Chief clinical officer, Dr Arwinder Judge said: “A lot of the patients that come to Aspen Dental haven’t been to the dentist in about 10 years or more.”

Why are so many people skipping their trip to the dentist?

The study from byte also outlined the main reasons given for not getting their teeth checked. Unsurprisingly, cost concerns and fears about going to the dentist ranked as the top two reasons.

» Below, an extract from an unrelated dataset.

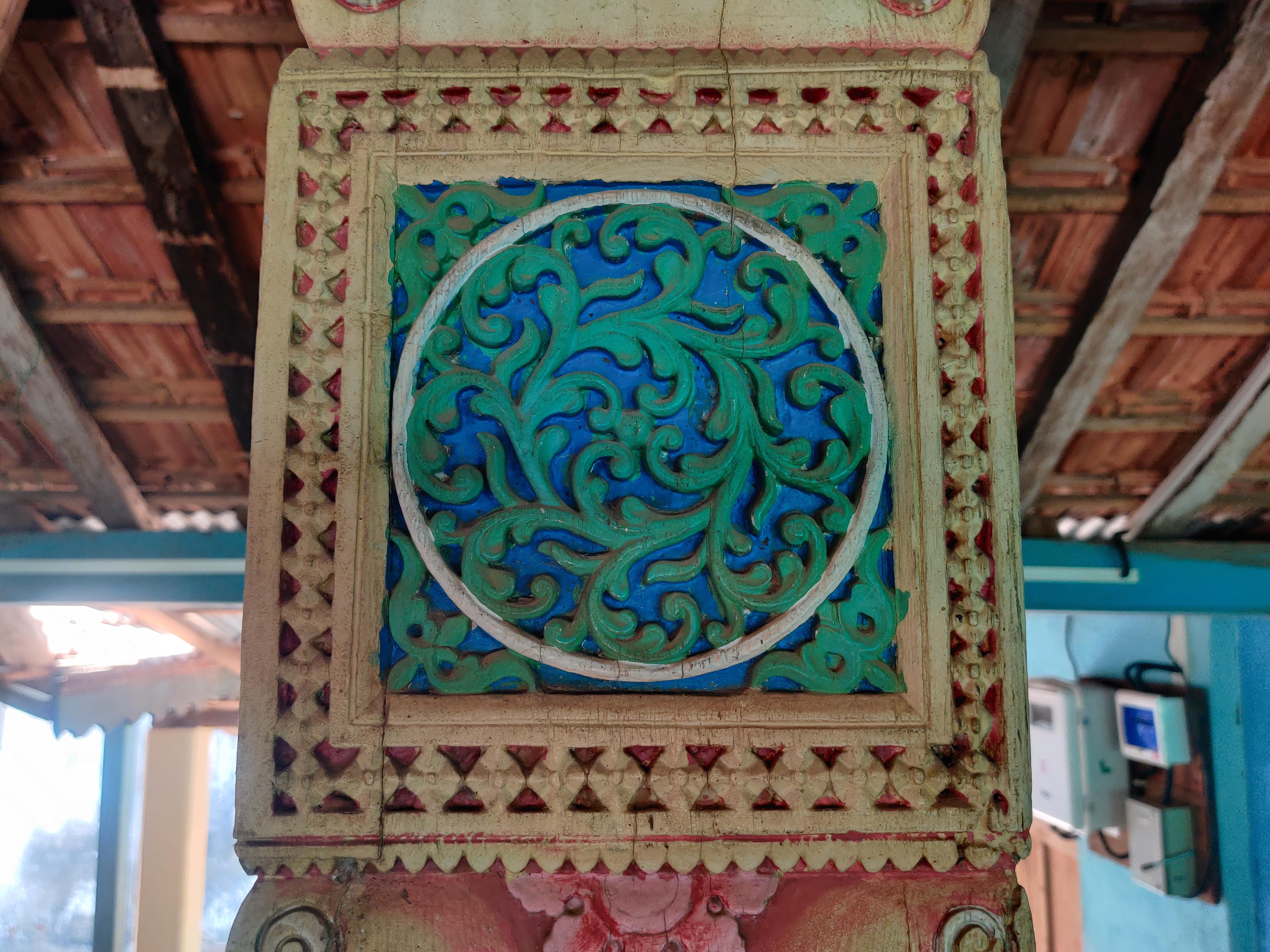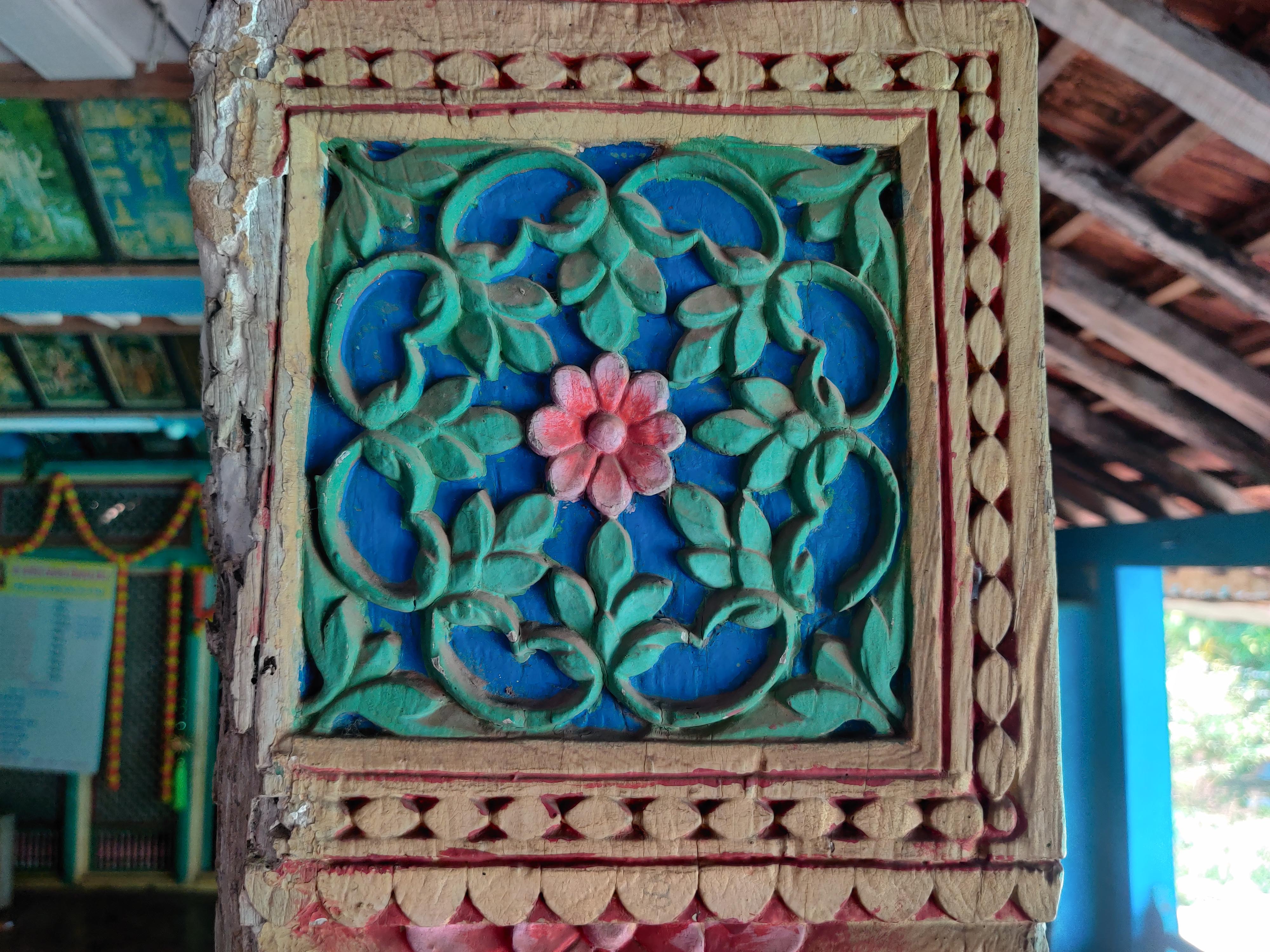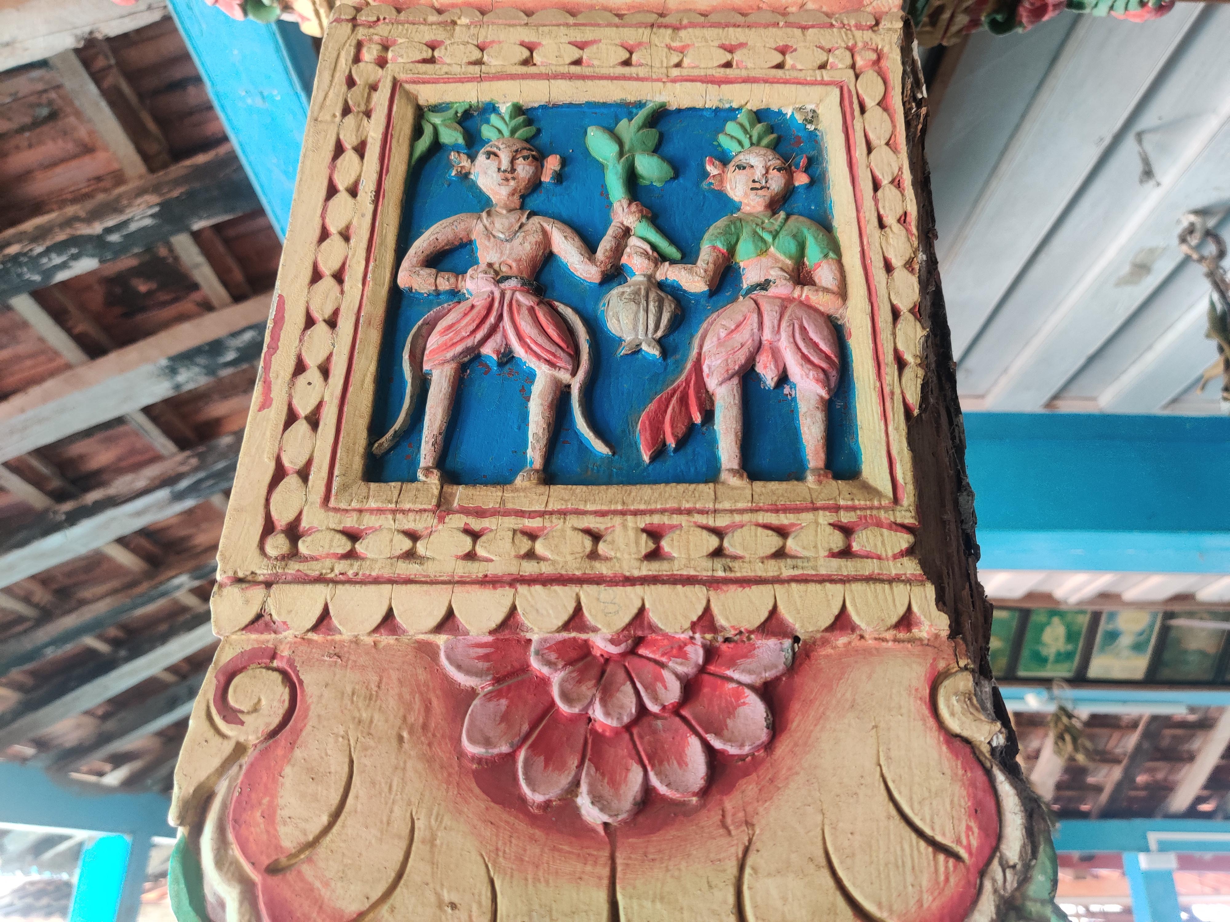 अश्या कोरीवकामासाठी पटाशी सारखी प्राथमिक हत्यारेच वापरली जात. या पटाश्या प्रामुख्याने तीन प्रकारच्या असतात. त्यांची पाती चपटी, अर्धगोलाकार आणि इंग्रजी v च्या आकाराची असतात. कूर्ग आणि केरळ प्रमाणे इथेही फणसाचे लाकूड त्याची उपलब्धता आणि उपयुक्तता लक्षात घेऊन वापरले असावे ही शक्यता डॉ. दीपक कन्नल यांच्यासारखे ज्येष्ठ शिल्पकार आणि शिल्पकला अभ्यासक वर्तवतात. त्यांच्यामते या कोरीवकामात एक fleshy feel आहे. म्हणजेच लाकडाला अगदी बारीक हत्यारे वापरून एक गुळगुळीत, मृदू, मानवी त्वचेसारखे वाटावे असे texture दिले गेलेले दिसते. हे कोरीवकाम करणारे लोक कोण होते, त्यांचे नेतृत्व करणारे अभिकल्पक कोण होते, इथं कोरलेले मोटिफ त्यांना कसे सुचले, त्यांच्यावर कोणत्या शिल्पकला शैलीचा प्रभाव होता असे अनेक प्रश्न अभ्यासनीय आणि आजमितीला तरी अनुत्तरित आहेत. एक जोडपे कलश आणि रोपटे घेऊन उभे आहे असे एका खांबावर कोरलेले दिसते जे मला इतर मंदिरांतील कोरीवकामापेक्षा काहीसे वेगळे वाटले.

The most common reasons for delaying dental visits were:

  1. Cost (59%): Respondents said it’s too expensive
  2. Fear (44%): Being too anxious or afraid of the dentist
  3. Avoidance (39%): Just don’t want to go
  4. Procedure (34%): Worried about needing a procedure
  5. Coverage (33%): Not having dental insurance

High inflation and economic pressures have harmed finances in households across the country and many are having to go without essentials. With this in mind, it is no surprise to see that the cost of dental visits is the number one reason.

But avoiding the dentist in a bid to save some dollars may be a false economy. Failing to get a regular check-up could mean that underlying problems are allowed to escalate and may eventually require major treatment when it becomes painful. The same is true for those skipping visits because they are worried of an unpleasant experience.

Failing to visits the dentist regularly makes significant, and likely expensive and uncomfortable, work more likely in future.

Dr Sodabeh Etminan, dental director at the University of Illinois’ Mile Square Health Center, warns: “We’re seeing a lot of bigger cavities because patients weren’t coming in to get them treated when they were smaller.”